Et parce que ça le vaut bien...

...Depuis quatre mois, je disais l'aimer, et ne lui en donnais pas cette preuve dont les hommes sont si prodigues et qui souvent leur tient lieu d'amour. J'éteignis de force.

Je me retrouvai avec le trouble de tout à l'heure, avant d'entrer chez Marthe. Mais comme l'attente devant la porte, celle devant l'amour ne pouvait être bien longue. Du reste, mon imagination se promettait de telles voluptés qu'elle n'arrivait plus à les concevoir. Pour la première fois aussi, je redoutai de ressembler au mari et de laisser à Marthe un mauvais souvenir de nos premiers moments d'amour.

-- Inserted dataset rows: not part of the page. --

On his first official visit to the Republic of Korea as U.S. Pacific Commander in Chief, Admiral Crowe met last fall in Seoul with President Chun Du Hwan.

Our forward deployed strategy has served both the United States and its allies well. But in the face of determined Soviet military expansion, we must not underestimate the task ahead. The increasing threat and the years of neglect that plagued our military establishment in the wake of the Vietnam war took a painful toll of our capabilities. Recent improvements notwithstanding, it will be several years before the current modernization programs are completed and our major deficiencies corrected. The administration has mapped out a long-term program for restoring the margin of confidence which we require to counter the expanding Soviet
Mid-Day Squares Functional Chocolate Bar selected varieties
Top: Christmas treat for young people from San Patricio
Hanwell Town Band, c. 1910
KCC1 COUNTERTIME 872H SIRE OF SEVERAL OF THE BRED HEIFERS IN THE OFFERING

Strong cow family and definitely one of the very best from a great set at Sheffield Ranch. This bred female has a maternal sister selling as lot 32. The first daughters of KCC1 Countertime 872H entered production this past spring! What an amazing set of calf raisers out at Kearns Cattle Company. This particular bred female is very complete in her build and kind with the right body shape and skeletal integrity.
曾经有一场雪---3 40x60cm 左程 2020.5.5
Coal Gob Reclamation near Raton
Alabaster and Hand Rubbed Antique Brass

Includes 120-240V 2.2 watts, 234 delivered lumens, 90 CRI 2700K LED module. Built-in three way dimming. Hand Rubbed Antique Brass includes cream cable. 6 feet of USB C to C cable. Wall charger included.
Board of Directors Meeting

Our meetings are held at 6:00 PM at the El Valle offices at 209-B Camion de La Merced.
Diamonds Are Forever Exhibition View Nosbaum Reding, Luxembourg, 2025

Elle fut donc plus heureuse que moi. Mais la minute où nous nous désenlaçâmes, et ses yeux admirables, valaient bien mon malaise.

Son visage s'était transfiguré. Je m'étonnai même de ne pas pouvoir toucher l'auréole qui entourait vraiment sa figure, comme dans les tableaux religieux.

Soulagé de mes craintes, il m'en venait d'autres.

C'est que, comprenant enfin la puissance des gestes que ma timidité n'avait osés jusqu'alors, je tremblais que Marthe appartînt à son mari plus qu'elle ne voulait le prétendre.

Comme il m'est impossible de comprendre ce que je goûte la première fois, je devais connaître ces jouissances de l'amour chaque jour davantage.

En attendant, le faux plaisir m'apportait une vraie douleur d'homme : la jalousie.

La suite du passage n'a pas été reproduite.